The Founding’s political philosophy was thus both conservative and liberal: the “conservative” American tradition was the “liberal” new ideas of the Enlightenment. As a result, subsequent American political fights usually weren’t about what should be the country’s core principles, but rather how those principles should be realized. Who, exactly, has the right to life, liberty, and the pursuit of happiness? What steps should government take to secure those rights? What happens when one person’s liberty infringes on another’s pursuit of happiness?
 

By the latter part of the 20th century, the nation seemingly had reached general agreement on many of those disputes.[1] Americans, by nature of their very humanity, would have a wide range of individual rights regardless of their religion, race or gender. The United States would have a strong military, but would employ that power judiciously. The economy would largely be left to private interactions with limited government intervention. Freedom of religion, speech, assembly, and the press would be robust, and the nation’s marketplace of ideas would be highly competitive. Government would provide a social safety net, but it would be limited. Though Americans would vehemently disagree on the specifics of politics, there was a remarkably broad consensus on the generalities.
 

This bore the fruit of the last two decades of the 20th century. The 1970s’ double-digit inflation and unemployment ended, the information age dawned, the United States won the Cold War, unemployment fell below 2 percent, and the federal budget was balanced. Even the dot-com bust did little to harm the nation’s peace and prosperity.
 

Then the 21st century dawned, followed by three calamities: the 9/11 terrorist attacks, two wars in the Middle East, and the housing bust and subsequent financial crisis and recession. None of those were the fault of the late 20th century consensus, but it shattered nonetheless. Now it is being replaced on both the political left and right by a movement that is wholly at odds with the Founding philosophy.
 

Instead of the conservative and liberal American ideals of individual freedom and political consensus-building, this movement favors using government to benefit specific social groups and harm others.
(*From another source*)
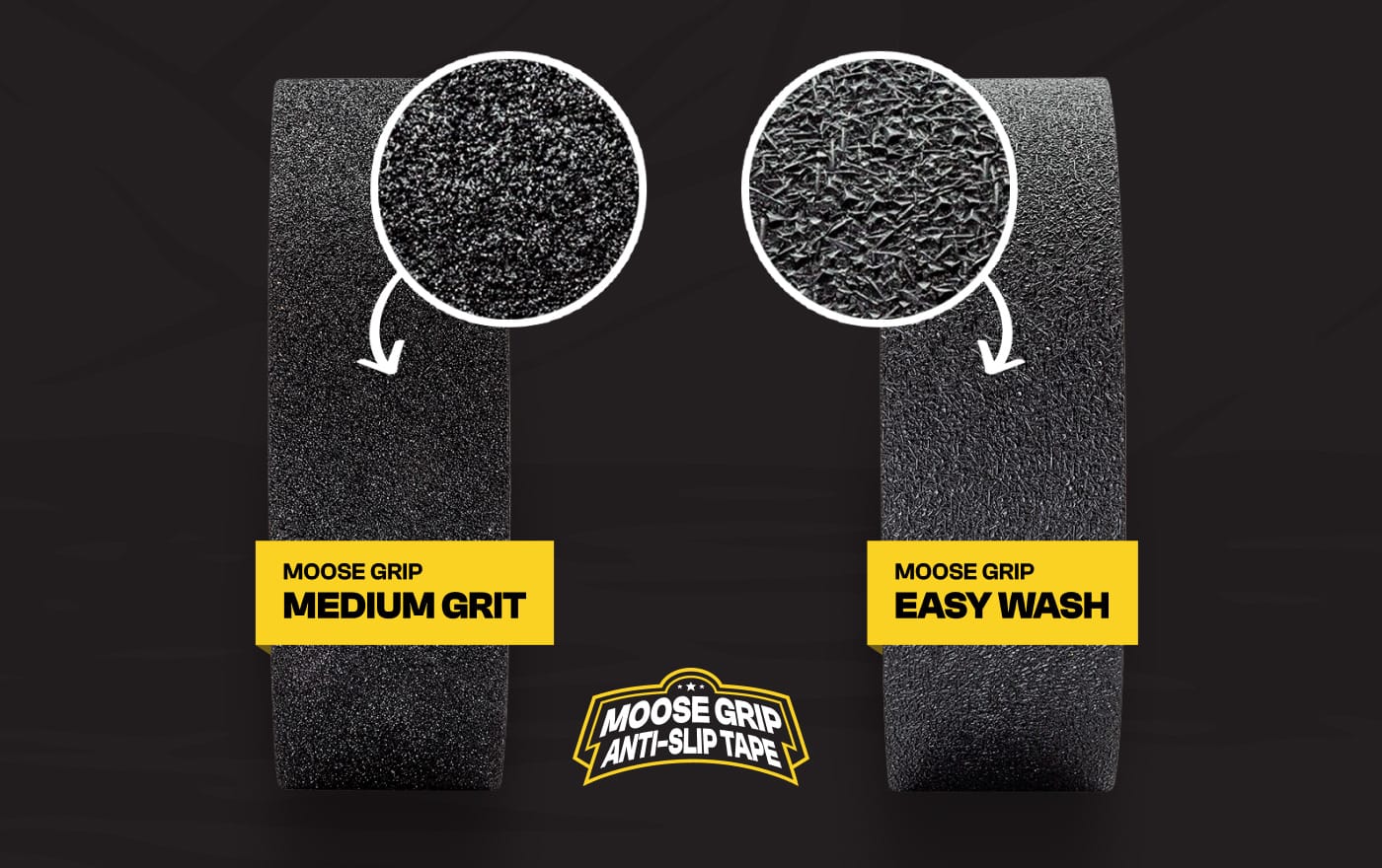 MOOSE GRIP anti-slip tape is available with two different surfaces, Medium grit or Easy wash. Medium grit has a surface similar to sandpaper – like a classic anti-slip tape. Easy wash is not as coarse and instead has a textured plastic surface, developed for environments with higher hygiene requirements.

For the “out groups,” free speech, freedom of religion, freedom of assembly, freedom of the press, property rights, economic freedom, and equal protection under the law are all to be constrained, so as not to impose on the “in group.” This movement exists in both the Republican Party and Democratic Party, differing only on which social groups are deemed “in” and “out.” Hence the problem: sooner or later, each “in” group will be turned out, and subjugated by a new “in” group wielding the powers of government. Call this movement “the new tribalism.”
 

Americans who remain committed to the Founding philosophy need to recognize the nation’s current political divide isn’t between conservatives and liberals, or between Democrats and Republicans. It’s between themselves on one side and the tribalists on the other. The true conservatives and liberals must not let themselves be lured into joining the tribalists by claims of loyalty to the party, or “real Americans,” or the “working people.” It’s time to put such tribalism aside in favor of commitment to the American ideal.
 

Americans with that commitment—whether Democrat or Republican, avowed conservative or liberal—must learn to hang together. Otherwise, the new tribalists will hang us all separately.
 

Thomas A. Firey is a senior fellow with the Maryland Public Policy Institute and a Washington County native.


[1] See Thomas A. Firey, “Beyond the ‘Washington Consensus,’” Herald-Mail (Hagerstown, MD), April 13, 2016.